▸ Work request
Look below for the line with "Upgrade your outdoor"; begin the copy there and stop after the line with "2003年3月,十屆全國(g", keeping the text exact and the pictures out.

▸ Given entries

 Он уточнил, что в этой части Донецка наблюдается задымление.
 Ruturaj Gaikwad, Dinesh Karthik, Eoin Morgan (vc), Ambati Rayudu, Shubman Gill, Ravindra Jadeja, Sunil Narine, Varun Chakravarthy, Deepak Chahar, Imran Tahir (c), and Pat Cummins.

---

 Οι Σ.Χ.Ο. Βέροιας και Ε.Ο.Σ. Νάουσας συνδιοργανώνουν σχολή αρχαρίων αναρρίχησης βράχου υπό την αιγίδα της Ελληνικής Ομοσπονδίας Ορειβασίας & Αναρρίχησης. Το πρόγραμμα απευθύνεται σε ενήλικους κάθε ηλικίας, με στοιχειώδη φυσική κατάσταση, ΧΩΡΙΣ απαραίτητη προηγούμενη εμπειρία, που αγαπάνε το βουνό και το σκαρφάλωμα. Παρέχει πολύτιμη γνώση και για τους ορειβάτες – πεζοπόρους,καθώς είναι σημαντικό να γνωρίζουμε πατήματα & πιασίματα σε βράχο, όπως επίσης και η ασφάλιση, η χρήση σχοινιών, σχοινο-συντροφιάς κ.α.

...

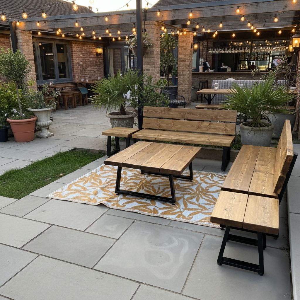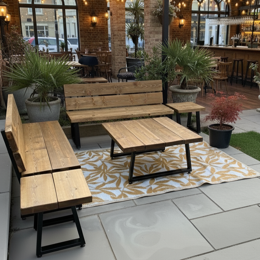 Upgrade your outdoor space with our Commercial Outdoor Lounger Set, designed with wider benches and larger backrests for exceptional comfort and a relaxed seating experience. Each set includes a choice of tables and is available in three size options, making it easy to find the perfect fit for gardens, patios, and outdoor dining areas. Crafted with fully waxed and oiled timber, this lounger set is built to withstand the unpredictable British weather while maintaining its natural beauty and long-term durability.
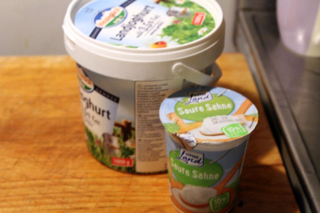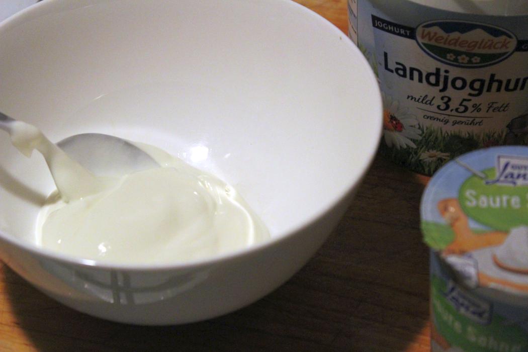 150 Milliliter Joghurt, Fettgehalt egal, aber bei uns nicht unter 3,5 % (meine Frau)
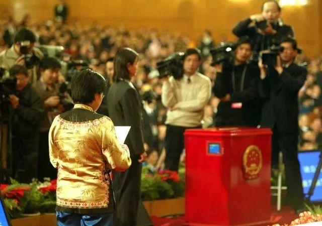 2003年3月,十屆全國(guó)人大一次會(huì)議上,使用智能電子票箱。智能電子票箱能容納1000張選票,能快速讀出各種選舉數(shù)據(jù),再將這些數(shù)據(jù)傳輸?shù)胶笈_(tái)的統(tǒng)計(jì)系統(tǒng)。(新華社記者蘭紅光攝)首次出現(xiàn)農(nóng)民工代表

▸ Solution
 Upgrade your outdoor space with our Commercial Outdoor Lounger Set, designed with wider benches and larger backrests for exceptional comfort and a relaxed seating experience. Each set includes a choice of tables and is available in three size options, making it easy to find the perfect fit for gardens, patios, and outdoor dining areas. Crafted with fully waxed and oiled timber, this lounger set is built to withstand the unpredictable British weather while maintaining its natural beauty and long-term durability.
 150 Milliliter Joghurt, Fettgehalt egal, aber bei uns nicht unter 3,5 % (meine Frau)
 2003年3月,十屆全國(guó)人大一次會(huì)議上,使用智能電子票箱。智能電子票箱能容納1000張選票,能快速讀出各種選舉數(shù)據(jù),再將這些數(shù)據(jù)傳輸?shù)胶笈_(tái)的統(tǒng)計(jì)系統(tǒng)。(新華社記者蘭紅光攝)首次出現(xiàn)農(nóng)民工代表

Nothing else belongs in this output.